Letter to the Chair from the Minister of State at the Department of Trade and Indusry

  When I gave evidence to the Committee on 13 March, I promised to let you have a note on various points.

  Firstly whether Turkey as a NATO Member has any obligation to its NATO partners in relation to its exports. As this is a matter which falls within the responsibilities of the Foreign and Commonwealth Office, Kim Howells will respond separately on this point.

  Secondly, I promised a note on "trigger devices" for explosions, and where they appear in the export control lists. I can confirm that such devices are specifically controlled, in a number of different places in both the Military Lists (ML) and EU Dual-Use List. The UK also has a national control covering such devices. Full extracts of these controls are provided for the Committee at Appendix A [not printed].

  Finally, you asked for a note on the "Military End Use Control" in the context of the exports of the civilian Land Rover kits to the Otokar company in Turkey. The Otokar vehicles were then delivered to Uzbekistan. The relevant control is set out in article 4.2 of the EC Dual Use Regulation, to be read in conjunction with article 4.4 (attached at Appendix B) [not printed]. These controls in summary allow us to impose export licence requirements on goods which are not normally licensable, where it is known they are to be used for military purposes in an embargoed destination. Our view, having checked with the European Commission, is that this control can be applied in circumstances where the goods are passing via a third country and are further developed there before reaching the embargoed destination; provided their ultimate destination and end user are known at the time of their export from the UK. The EC Commission has indicated it shares this view. Thus, in future these provisions could be used to control exports of non-military Land Rover parts (for example) to Turkey if it is known that those parts will be incorporated into military vehicles and delivered to an embargoed destination for a military end-use. In the case of Uzbekistan vehicles, the controls would not have applied because at the time Uzbekistan was not subject to an embargo and also because, as far as we know, it was not envisaged at the time of export from the UK that the Otokar goods would be transferred to Uzbekistan.

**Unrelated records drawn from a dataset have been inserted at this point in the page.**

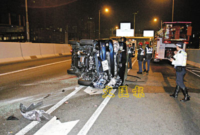 涉醉駕男子姓王,46歲,被驗出酒精含量超標4倍,被捕帶署,經調查後暫准保釋。他報稱,因扭萼{避一輛切線的輕型貨車而失控。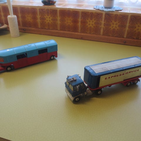 Modellastbil, Ford Ford, 1 stk Ford Trækker med Tiptrailer i Metal årg 1973 Kr 150 1 stk O&K MH 6 Gravemaskine i Metal Begge Fra Lesney Made In England Kr 150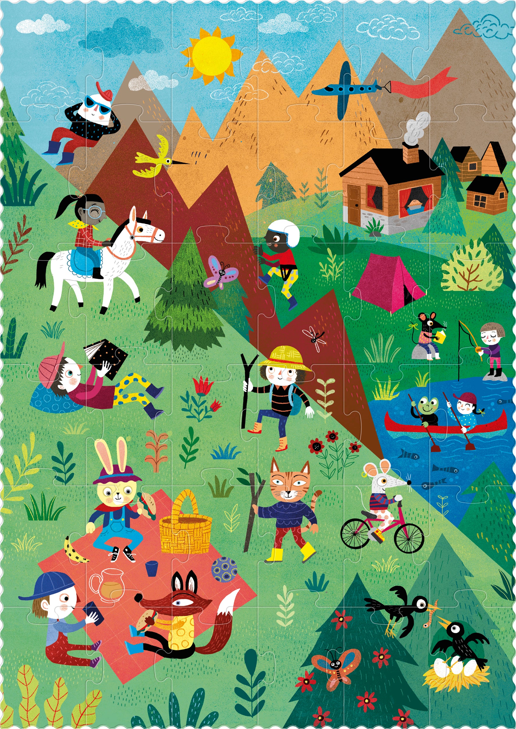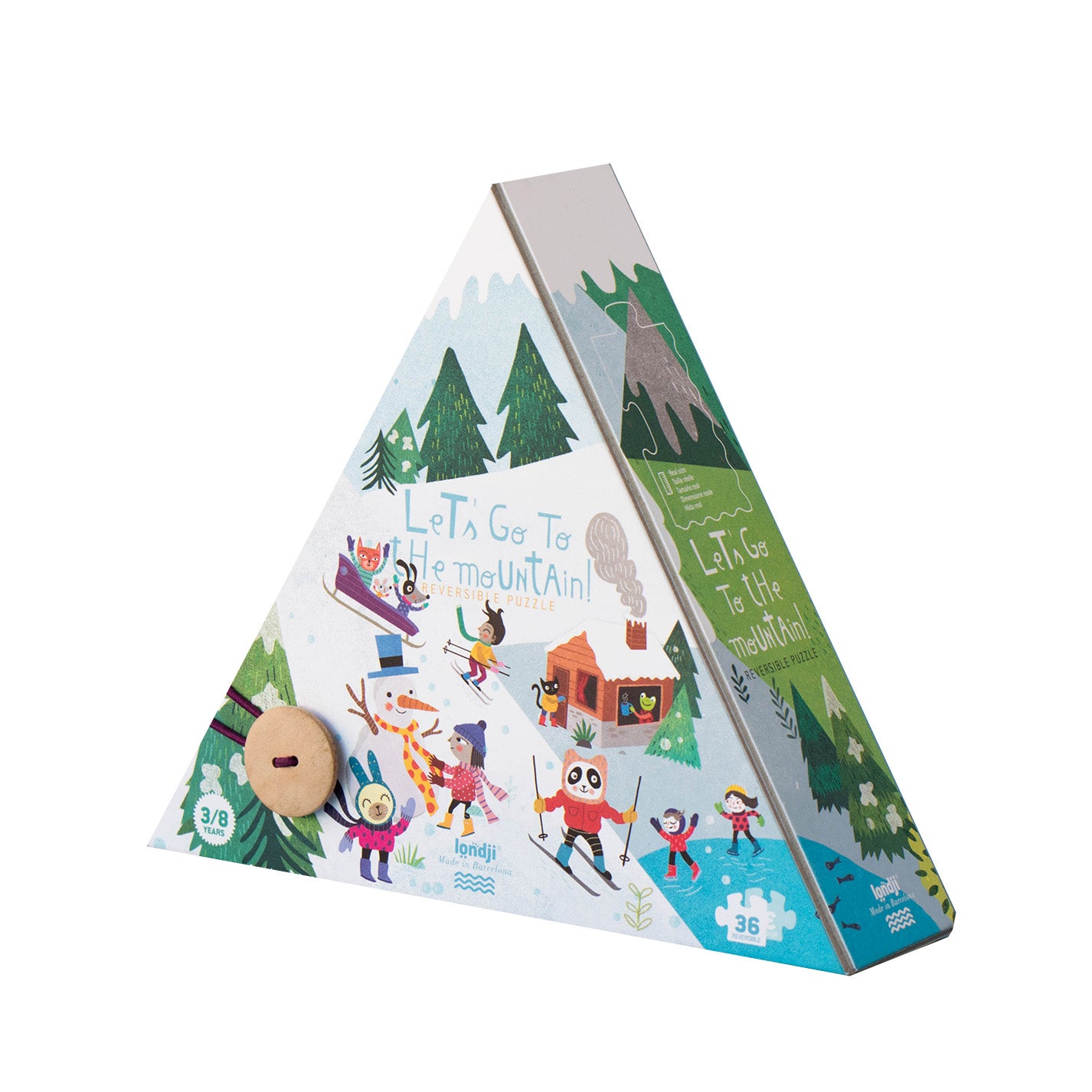 A reversible puzzle of 36 pieces. On one side we will slide down the frozen mountain in winter, on the other we will dive into the summer months.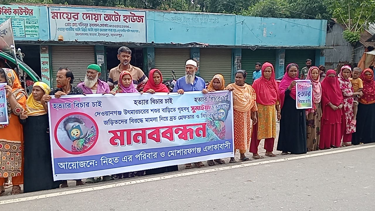 মঙ্গলবার ( ১৬ সেপ্টেম্বর ) দুপুরের দেওয়ানগঞ্জ- ইসলামপুর মহাসড়কের মোশারফগঞ্জ বাজারে নিহতের স্বজন- এলাকাবাসী মানববন্ধনটি আয়োজন করে।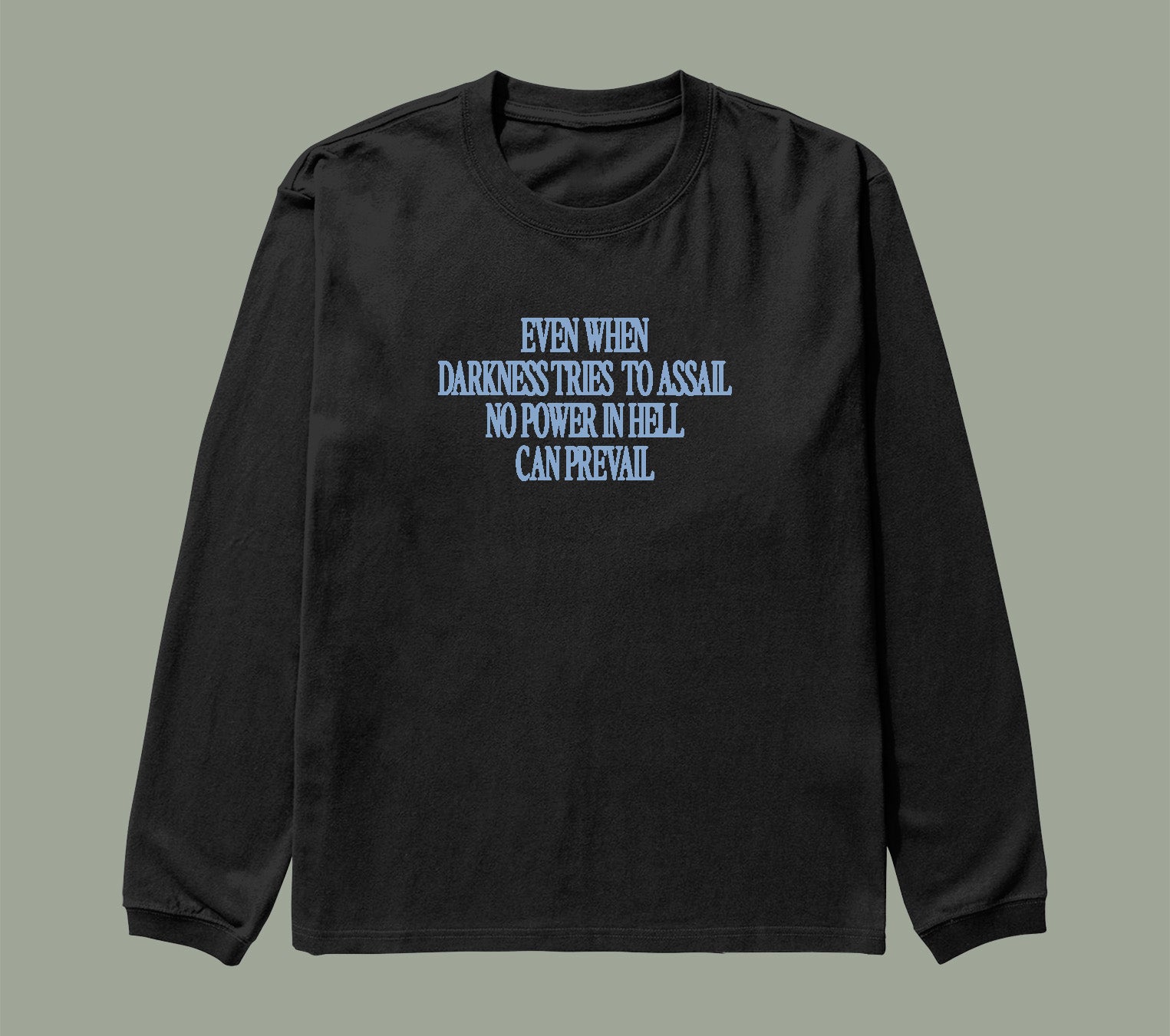 Black long-sleeve shirt with blue lettering of lyrics from the song "What the Law Could Never Do"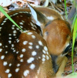 The dog loped down the trail, tongue dripping in the midday heat. The white-tailed doe knew it was the farm dog, for she had run across his scent every day of her life. He was the same yellow mutt that kept chasing her away from the green, juicy garden vegetables. She raised her head and stood at attention, waiting. Her baby was in plain sight, and the dog would find it if he knew where to look. She would lead the dog away if she had to.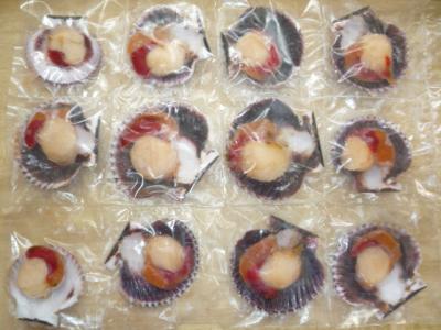 Media valva, tallo con coral de concha de abanico congelado, IQF

  I am grateful to the Committee for providing us after the hearing with evidence from Oxfam about the nature of the commercial relationship between Land Rover and Otokar. I have asked Land Rover for their comments on this. To the extent that there may be a working relationship between the two entities, this is only relevant to current export controls insofar as Land Rover could thereby be deemed to participate in "an act calculated to promote" supply or delivery of military goods from a third country to an embargoed destination (see the Export Control Act 2002 Trade in Goods (Control) Order 2003). However, may I remind you that I said I would welcome the advice of the Committee on the issue of where British export control jurisdiction should begin and end, in cases where the export from the UK is not military in nature and not normally controlled.